# Chain‑of‑Thought Faithfulness Experiments

This notebook reproduces the three experiments described in our research plan:

1. **Semantic space of phrase categories** via clustering + UMAP.  
2. **Contrastive components** (cPCA/CKA) contrasting hidden states with/without hints.  
3. **Linear probes** layer‑by‑layer to decode the phrase category.

Everything relies on reusable helpers in `cot_analysis/`.


In [1]:

import os, random, itertools, json, math, collections
import numpy as np
import pandas as pd
import torch

from cot_analysis.data_utils import load_segmented_completions, flat_segments
from cot_analysis.hidden_state_utils import load_model, segment_vector, layerwise_segment_vectors
from cot_analysis.visualization_utils import umap_projection, plot_umap, run_kmeans, run_hdbscan, plot_linear_probe_results


ModuleNotFoundError: No module named 'cot_analysis'

In [None]:

MODEL_NAME = "gpt2"          # adjust as needed (e.g. path to your fine‑tuned checkpoint)
DEVICE = "cuda" if torch.cuda.is_available() else "cpu"
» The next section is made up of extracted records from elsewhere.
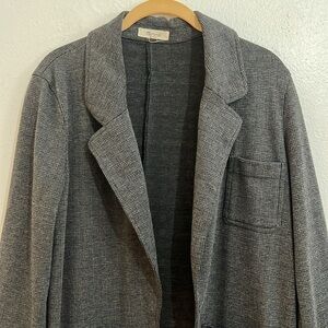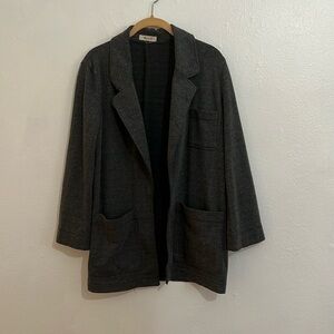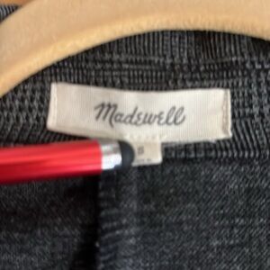 Very subtle grey plaid Madewell open front jacket with lapels and 2 large patch pockets 1 small breast pocket and back vent. I would say this jacket is over sized based on measurements
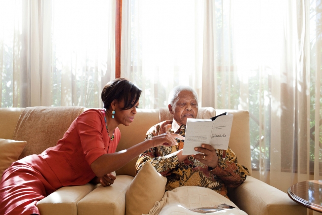 "Samantha Appleton, who has since left the White House, photographed the First Lady as she met with former President Nelson Mandela of South Africa at Mandela's home in Houghton, South Africa.
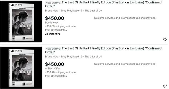 The Last of Us ganhará uma nova edição chamada Firefly Edition, para PS5, no dia 2 de setembro. No site exclusivo do PS Direct, nos EUA, o título esgotou em questão de horas, apesar de custar mais de R$ 500 reais. Agora, já começaram a surgir revendedores no eBay pedindo mais que o dobro do preço do jogo, chegando ao valor de R$ 2.300 reais.
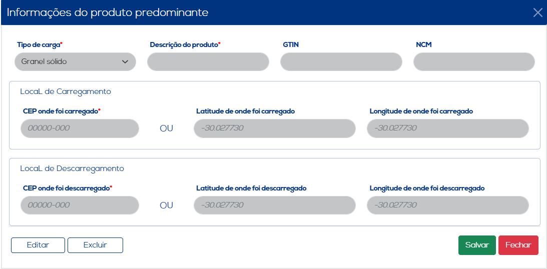Informações do Produto Predominante: Nesta opção o usuário precisará informar o tipo de carga, a descrição do produto e a localização mais exata do carregamento e descarregamento através do CEP dos municípios informados, ou por meio das informações latitude de onde foi carregado/descarregado e longitude de onde foi carregado/descarregado. Ao concluir a inclusão dos dados, clique no botão "Inserir" para salvar as informações. Os dados inseridos serão listados, juntamente com as opções de edição e exclusão.
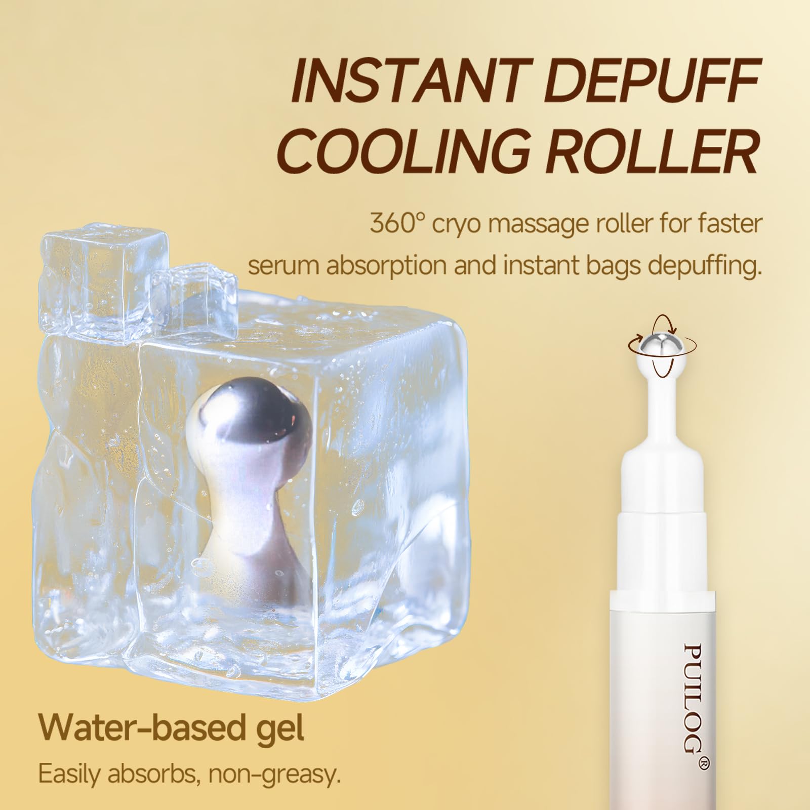 - 5% Caffeine-Powered Eye Serum: Caffeine eye cream can reduces puffiness and eye bags in 3-5 minutes, dark circle in 4-8 weeks. Chilled massage rollerball boosts under eye microcirculation, instantly refreshing tired eyes.

tokenizer, model = load_model(MODEL_NAME, DEVICE)

CATEGORIES = [
  "problem_restating",
  "knowledge_recall",
  "concept_definition",
  "quantitative_calculation",
  "logical_deduction",
  "option_elimination",
  "assumption_validation",
  "uncertainty_expression",
  "self_questioning",
  "backtracking_revision",
  "decision_confirmation",
  "answer_reporting",
]


In [None]:

# Load segmented CoTs
bg_segments  = list(flat_segments(load_segmented_completions("none")))
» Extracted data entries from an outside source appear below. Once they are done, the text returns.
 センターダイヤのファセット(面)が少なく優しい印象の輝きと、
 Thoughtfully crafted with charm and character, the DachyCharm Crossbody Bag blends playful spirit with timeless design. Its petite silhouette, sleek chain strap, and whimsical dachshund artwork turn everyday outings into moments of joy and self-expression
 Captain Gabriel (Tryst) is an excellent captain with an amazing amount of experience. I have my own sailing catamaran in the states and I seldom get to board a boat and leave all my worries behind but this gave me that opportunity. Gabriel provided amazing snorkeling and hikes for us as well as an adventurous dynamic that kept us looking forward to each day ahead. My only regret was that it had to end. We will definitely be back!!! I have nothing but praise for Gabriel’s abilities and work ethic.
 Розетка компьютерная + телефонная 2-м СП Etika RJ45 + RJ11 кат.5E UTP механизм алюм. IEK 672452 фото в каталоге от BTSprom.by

hint_types = ["sycophancy", "induced_urgency", "unethical_information"]
hint_segments = {
    h : list(flat_segments(load_segmented_completions(h))) for h in hint_types
}

print(f"Background segments: {len(bg_segments):,}")
for h, segs in hint_segments.items():
    print(f"{h:<22}: {len(segs):,}")


## 1 · Segment clustering and UMAP visualisation

In [None]:

# Sample (to keep runtime reasonable) and embed
SAMPLE_SIZE = 3000
random.seed(42)

sample_bg = random.sample(bg_segments, SAMPLE_SIZE)
embeddings = []
labels     = []

for seg in sample_bg:
    vec = segment_vector(seg["text"], tokenizer, model, DEVICE)
    embeddings.append(vec)
    labels.append(seg["phrase_category"])
embeddings = np.stack(embeddings)

# K‑means (can swap to HDBSCAN)
kmeans = run_kmeans(embeddings, n_clusters=len(CATEGORIES))

# UMAP projection
proj2d = umap_projection(embeddings)
plot_umap(proj2d, labels, CATEGORIES, title="UMAP of segment embeddings (background)")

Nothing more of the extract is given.